### Problem
Reproduce, exactly and in full, the lines from the one with "Yün Karışımlı Cepli Kaban Yeşil" through the one with "2-комнатная, 52.64 м²" in the data below; drop pictures.

Items from a data source

————

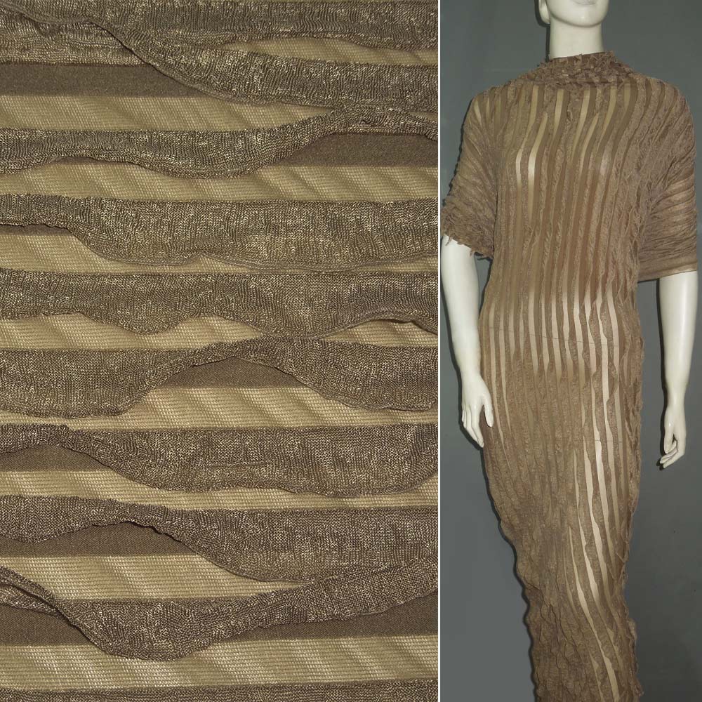 Трикотаж шоколадный с рюшами ш.158. Состав ткани: Полиакрил-30, Полиамид-30, Полиэстер-30, Эластан-10. Плотность ткани: 180 г/м.кв. Страна производитель: Южная Корея. Трикотаж - это мягкая плотная материя, не прозрачная. Приятная на ощупь, комфортная в носке. Благодаря содержанию синтетических материй, материал более износостойкий и надолго сохраняет свой первоначальный вид. Ткань отличается своей приятной текстурой, хорошей растяжимостью, практически не мнется, хорошо драпируется. Трикотаж достаточно простой в уходе. Используется для пошива платьев, спортивных костюмов, легких жакетов, поло, футболок и многого другого.
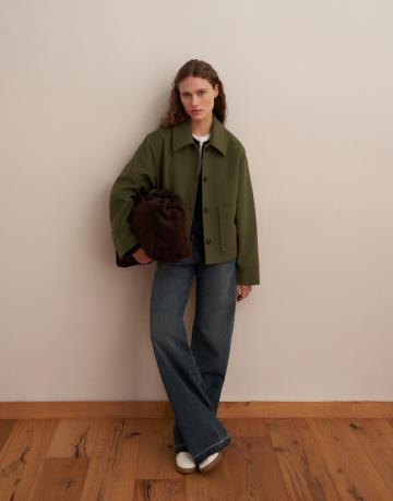 Yün Karışımlı Cepli Kaban Yeşil
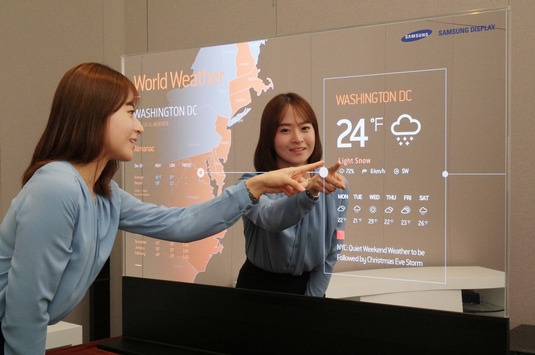 Priehľadný Full HD OLED displej s uhlopriečkou 140 cm má priepustnosť svetla 45 % a rozsah farieb pri NTSC štandardoch je 100 %. Rozlíšenie je Full HD.
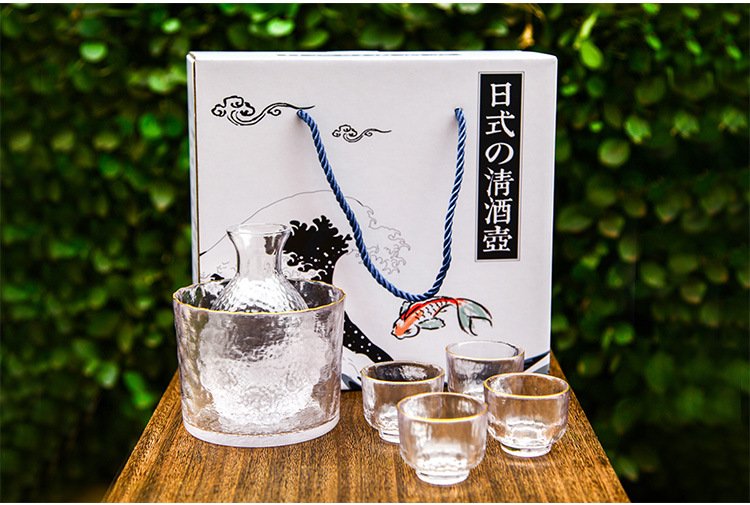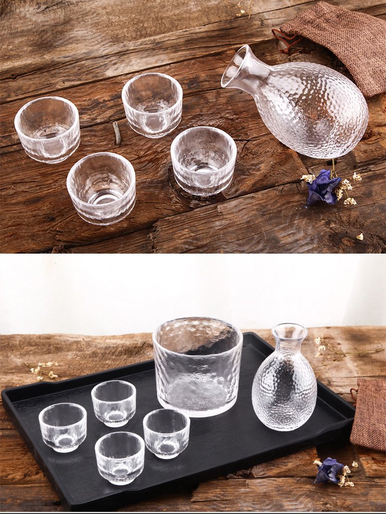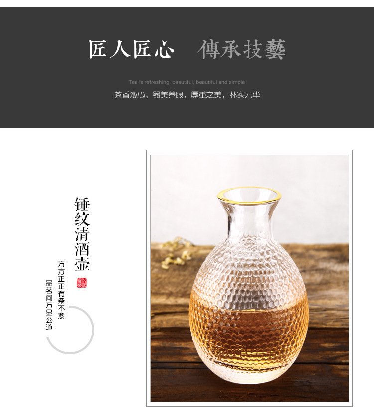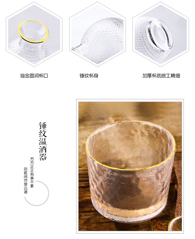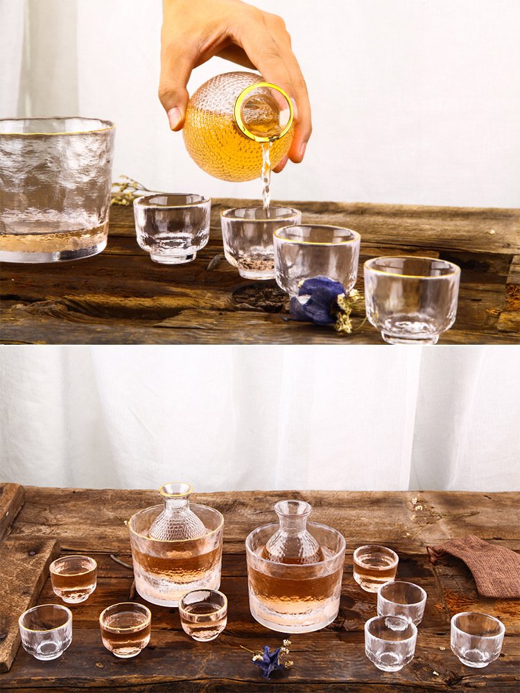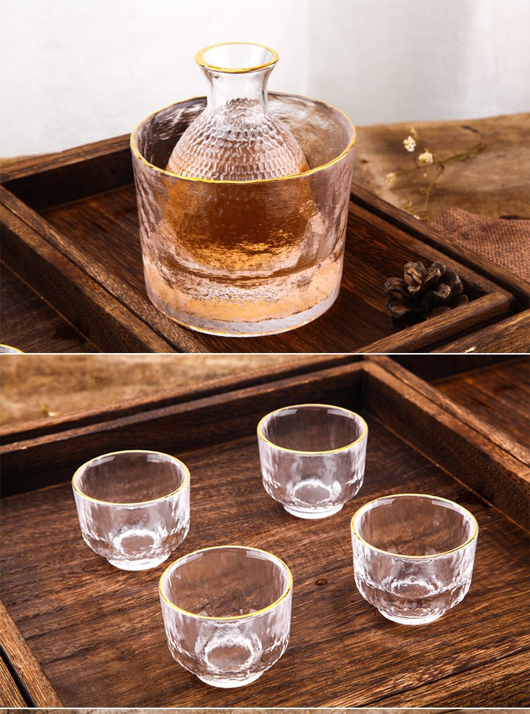 Katav Japanese-style sake pot set hammered glass cup sake cup yellow wine cup wine warmer white wine small cup red wine wine set wine divider yellow wine cup jug Japanese-style sake pot 1 pot 4 cups + wine warmer set (gold pattern)
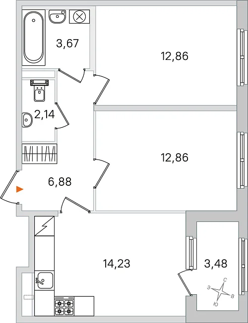 2-комнатная, 52.64 м²
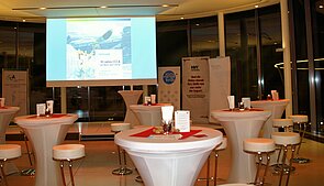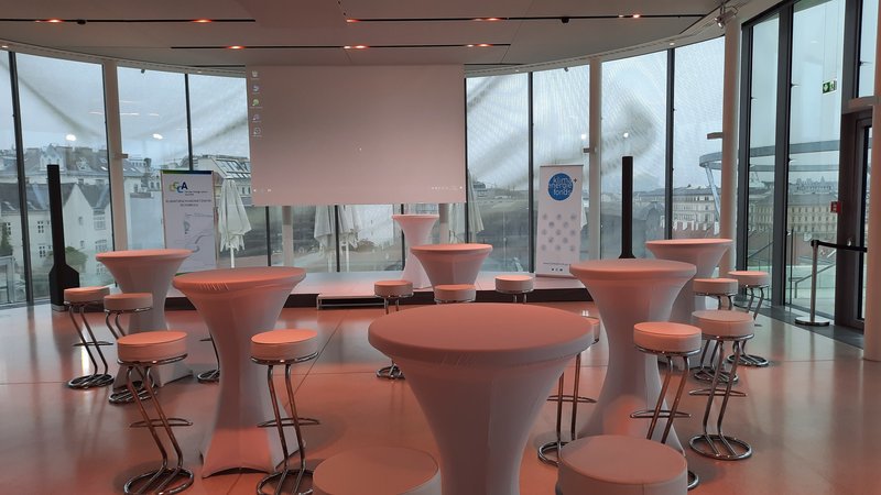 [Translate to English:] Die Ruhe vor dem Sturm... Als Veranstaltungsort für das 10 Jahres Jubiläum wurde die "Libelle" im Museumsquartier Wien gewählt. Hier fand ab 16:00 Uhr das Get Together statt.

————

### Response below
 Yün Karışımlı Cepli Kaban Yeşil
 Priehľadný Full HD OLED displej s uhlopriečkou 140 cm má priepustnosť svetla 45 % a rozsah farieb pri NTSC štandardoch je 100 %. Rozlíšenie je Full HD.
 Katav Japanese-style sake pot set hammered glass cup sake cup yellow wine cup wine warmer white wine small cup red wine wine set wine divider yellow wine cup jug Japanese-style sake pot 1 pot 4 cups + wine warmer set (gold pattern)
 2-комнатная, 52.64 м²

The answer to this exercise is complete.